Suzuki a maintenu ses prévisions de bénéfices sur l'ensemble de l'année fiscale qui s'achèvera le 31 mars prochain. Il Il vise un profit net de 50 milliards de yens (500 millions d'euros) en hausse de 10,7 % et table sur un bénéfice d'exploitation en hausse de 2,9 % à 110 milliards (110 millions d'euros).

Le neuvième constructeur auto mondial

Producteur de deux roues depuis 1952 et de véhicules à quatre roues depuis 1955, Suzuki a produit 2,73 millions de motocycles et 2,88 millions de véhicules  sur le dernier exercice fiscal complet (1er avril 2010-31 mars 2011). Suzuki était donc au neuvième rang des constructeur mondiaux, juste derrière... PSA.

Suzuki a très tot investi le marché automobile indien. Il y détient bon an mal an la moitié du marché grâce à sa co-entreprise Suzuki Maruti, qui fabrique des petits modèles pas chers, clé de son succès. Le constructeur, qui s'est longtemps spécialisé dans les "midgets" (mini-voitures fiscalement favorisés au Japon) produit aussi des véhicules en Chine à travers deux co-entreprises, en Thaïlande, Indonésie, Malaisie... Il est aussi traditionnellement implanté en Amérique du nord et en Europe. Il dispose ainsi d'une usine en Hongrie, qui fabrique notamment la petite Swift et le 4x4 SX4, qu'il produit aussi pour Fiat (sous le nom de Sedici).

Suzuki réalise des modèles de petites dimensions, à prix mesurés, traditionnellement réputés pour leur rusticité et leur fiabilité. La gamme Suzuki s'étend en Europe de la petite Alto "made in India" à moins de 8.000 euros au 4x4 compact Grand Vitara (31.200 euros), en passant par  le minispace Splash ( à partir de 10.390 euros) ou le tout-terrain de poche Jimny, l'un des plus minuscules 4x4 du marché mondial (dès 13.590 euros). Dans l'Union européenne, Suzuki a écoulé (sur l'année calendaire 2011) 166.535 unités (- 9,8 %). Soit plus que son compatriote Honda.
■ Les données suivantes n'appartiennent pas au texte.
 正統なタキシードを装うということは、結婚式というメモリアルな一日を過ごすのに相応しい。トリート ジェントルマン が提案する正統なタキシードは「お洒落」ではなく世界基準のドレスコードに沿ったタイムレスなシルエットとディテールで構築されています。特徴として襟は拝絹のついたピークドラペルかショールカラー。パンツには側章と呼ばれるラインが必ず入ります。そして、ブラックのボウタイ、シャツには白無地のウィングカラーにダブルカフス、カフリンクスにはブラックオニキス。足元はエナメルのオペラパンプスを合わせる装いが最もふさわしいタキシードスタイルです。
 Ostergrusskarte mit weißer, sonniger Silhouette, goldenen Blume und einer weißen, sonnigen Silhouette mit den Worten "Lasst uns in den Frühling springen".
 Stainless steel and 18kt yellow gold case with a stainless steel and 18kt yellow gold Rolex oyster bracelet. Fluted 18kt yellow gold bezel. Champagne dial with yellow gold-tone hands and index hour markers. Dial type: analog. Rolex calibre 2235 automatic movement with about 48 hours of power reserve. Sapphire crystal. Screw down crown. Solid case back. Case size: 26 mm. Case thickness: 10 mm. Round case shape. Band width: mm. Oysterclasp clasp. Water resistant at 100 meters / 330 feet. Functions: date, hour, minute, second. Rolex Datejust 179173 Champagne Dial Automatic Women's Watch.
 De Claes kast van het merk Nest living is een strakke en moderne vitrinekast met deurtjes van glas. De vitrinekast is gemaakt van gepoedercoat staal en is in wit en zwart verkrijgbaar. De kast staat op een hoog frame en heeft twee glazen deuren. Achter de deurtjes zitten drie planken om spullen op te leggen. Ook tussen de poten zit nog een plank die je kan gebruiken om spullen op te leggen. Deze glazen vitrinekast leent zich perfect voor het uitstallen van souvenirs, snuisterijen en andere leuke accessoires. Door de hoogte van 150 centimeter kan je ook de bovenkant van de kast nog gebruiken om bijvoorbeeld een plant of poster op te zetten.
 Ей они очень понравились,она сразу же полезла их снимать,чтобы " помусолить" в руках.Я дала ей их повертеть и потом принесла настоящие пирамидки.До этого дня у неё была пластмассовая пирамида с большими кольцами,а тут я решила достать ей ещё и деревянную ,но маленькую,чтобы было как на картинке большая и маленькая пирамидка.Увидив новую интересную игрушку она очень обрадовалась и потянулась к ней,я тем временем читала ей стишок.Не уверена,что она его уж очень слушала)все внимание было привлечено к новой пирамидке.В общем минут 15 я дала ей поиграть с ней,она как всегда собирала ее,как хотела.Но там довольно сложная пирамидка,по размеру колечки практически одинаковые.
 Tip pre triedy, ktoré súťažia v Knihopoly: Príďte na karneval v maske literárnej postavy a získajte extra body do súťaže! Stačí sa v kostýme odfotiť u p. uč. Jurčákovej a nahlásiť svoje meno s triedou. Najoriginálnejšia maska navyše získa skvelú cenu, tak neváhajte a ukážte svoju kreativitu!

Crise avec son allié Volkswagen

C'est d'ailleurs le futur petit 4x4 fabriqué en Hongrie, lequel remplacera le SX4 en 2013, qui a mis une le feu aux poudres avec... Volkswagen. Suzuki a en effet décidé de s'adresser à Fiat pour utiliser ses diesels, comme il le fait depuis longtemps sur ses modèles destinés à l'Europe. Et ce, alors même que ce modèle devait concrétiser le nouveau partenariat nippo-germanique. La firme allemande, qui détient 19,9% du japonais, l'a très mal pris. Il est vrai que le feu couvait depuis longtemps.  Suzuki reproche à Volkswagen son "iimpérialisme" et l'allemand sa mauvaise volonté au japonais. Suzuki a toujoiurs été extrêment jaloux de son indépendance, qu'il avait réussi à maintenir du temps où GM détenait 20% de son capital. Suzuki a très clairement appelé récemment à une rupture de l'alliance avec le consortium de Wolfsburg.